Expect something out of it. Once again, it's a blind and randomized placebo-controlled trial. So actually getting data, the first, you know, first thing you're going to hear is that, you know, this is the way it'll go. The FDA will announce that the FDA has accepted the IND and the trial is open. First patient enrolled. and then we'll be moving it forward. The amount of, the speed of the trial will directly be related to how much resources we can put behind it. Right now, the NIH grant only funds about a third of the trial, so we have to be careful because our primary mission, as we've said, is number one, Alzheimer's, and then number two, the In-Cream Care PC. But we think we'll be able to move that ahead. And as our resources expand, we'll be able to put the pedal to the metal on treating distal depression. But this year, the two milestones you should hear from, as David said, is that the FDA has allowed us to open the IND because it is a U.S. trial. And the second thing will be the first patient enrolled. That's our goals.

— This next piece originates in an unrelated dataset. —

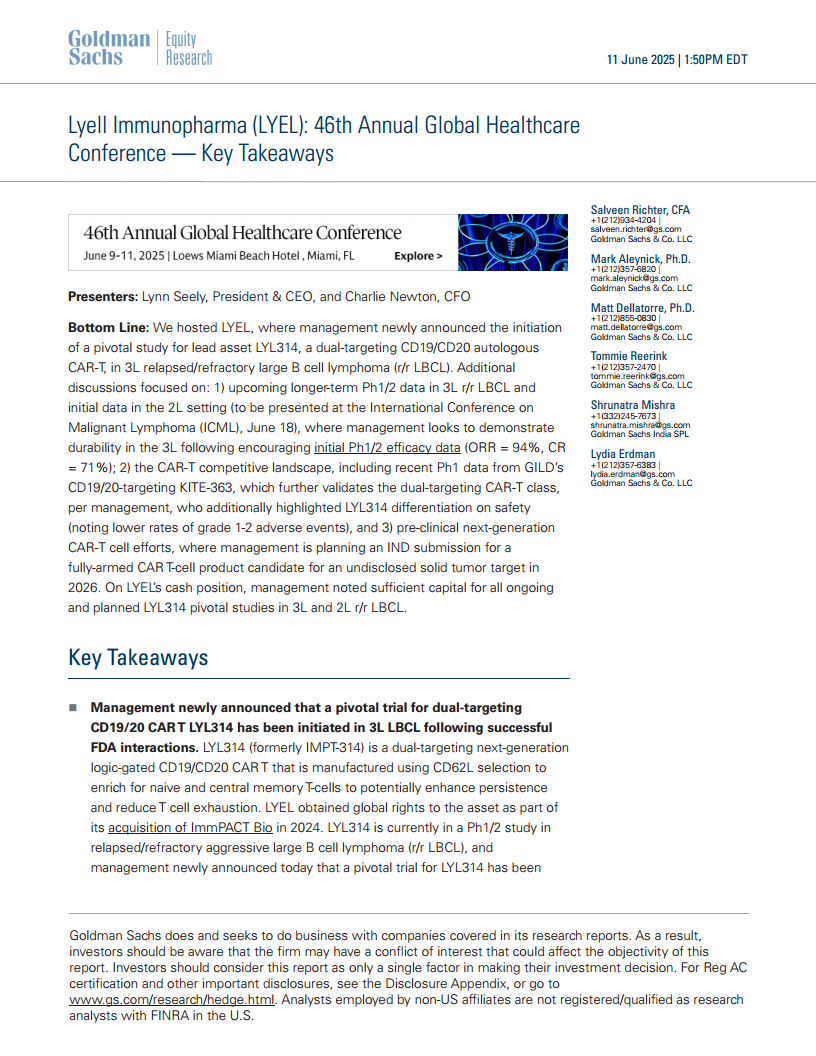 本报告详细分析了Lyell Immunopharma (LYEL) 在第46届全球医疗保健大会上的关键进展和未来展望。核心亮点在于其主导资产LYL314在3L r/r LBCL中关键性研究的启动,以及2L LBCL研究的稳步推进。LYL314作为一种双靶点CAR-T疗法,在初步临床数据中展现出高客观缓解率和完全缓解率,公司管理层致力于在即将到来的ICML会议上展示其持久缓解数据,并强调其在安全性方面的差异化优势。此外,公司拥有充足的资金支持LYL314的临床开发,并积极布局下一代实体瘤CAR-T疗法。尽管面临早期生物技术公司的固有风险,但LYEL通过聚焦核心资产开发和审慎的财务管理,展现了其在细胞疗法市场中的增长潜力和战略布局。

And that will conclude today's question and answer session. I will now turn the conference over to RJ for any additional closing remarks.
So, thank you. Yeah, with the success of the fundraising, we now have the capital to comfortably complete ADO2, the early Alzheimer's trial, and support CARE-PC into some of the open-label data in metastatic castrate-resistant prostate cancer. Our goal is to provide positive readout in these problems. With positive readouts, we expect we'll be able to access capital markets in a way to allow the company to become more aggressive in pursuing its goals. Both of these products have uses beyond their primary indication, and we believe that given the resources we hope to get, we have the expertise and the teams we can to capitalize on those other activities, either alone or with partners. For now, we appreciate your support. Thank you very much.
This does conclude today's conference call. Thank you for your participation. You may now disconnect.